- _Extracted information_:
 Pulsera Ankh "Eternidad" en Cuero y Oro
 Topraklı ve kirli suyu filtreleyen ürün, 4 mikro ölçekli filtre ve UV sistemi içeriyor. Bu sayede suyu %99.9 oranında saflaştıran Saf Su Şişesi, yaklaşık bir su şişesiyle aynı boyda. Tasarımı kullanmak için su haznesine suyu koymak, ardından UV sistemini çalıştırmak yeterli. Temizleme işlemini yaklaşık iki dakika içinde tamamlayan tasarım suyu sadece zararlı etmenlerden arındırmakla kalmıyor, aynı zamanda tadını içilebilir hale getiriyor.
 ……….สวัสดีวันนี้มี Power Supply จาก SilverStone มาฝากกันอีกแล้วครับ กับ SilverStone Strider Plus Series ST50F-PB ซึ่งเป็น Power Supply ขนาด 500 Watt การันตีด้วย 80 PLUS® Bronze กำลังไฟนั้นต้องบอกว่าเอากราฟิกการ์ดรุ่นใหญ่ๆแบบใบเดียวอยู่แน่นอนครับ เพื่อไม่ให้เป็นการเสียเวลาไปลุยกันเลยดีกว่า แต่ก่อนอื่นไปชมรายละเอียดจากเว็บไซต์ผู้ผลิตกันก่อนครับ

---

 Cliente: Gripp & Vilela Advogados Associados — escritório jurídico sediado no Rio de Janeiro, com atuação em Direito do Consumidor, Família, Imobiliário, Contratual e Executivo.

- _Activity_: Your answer should be the lines of the listing above between the line holding "Cuero y Oro" and the line holding "Power Supply จาก", inclusive, restated word for word and alone.

- _Exercise response_:
 Pulsera Ankh "Eternidad" en Cuero y Oro
 Topraklı ve kirli suyu filtreleyen ürün, 4 mikro ölçekli filtre ve UV sistemi içeriyor. Bu sayede suyu %99.9 oranında saflaştıran Saf Su Şişesi, yaklaşık bir su şişesiyle aynı boyda. Tasarımı kullanmak için su haznesine suyu koymak, ardından UV sistemini çalıştırmak yeterli. Temizleme işlemini yaklaşık iki dakika içinde tamamlayan tasarım suyu sadece zararlı etmenlerden arındırmakla kalmıyor, aynı zamanda tadını içilebilir hale getiriyor.
 ……….สวัสดีวันนี้มี Power Supply จาก SilverStone มาฝากกันอีกแล้วครับ กับ SilverStone Strider Plus Series ST50F-PB ซึ่งเป็น Power Supply ขนาด 500 Watt การันตีด้วย 80 PLUS® Bronze กำลังไฟนั้นต้องบอกว่าเอากราฟิกการ์ดรุ่นใหญ่ๆแบบใบเดียวอยู่แน่นอนครับ เพื่อไม่ให้เป็นการเสียเวลาไปลุยกันเลยดีกว่า แต่ก่อนอื่นไปชมรายละเอียดจากเว็บไซต์ผู้ผลิตกันก่อนครับ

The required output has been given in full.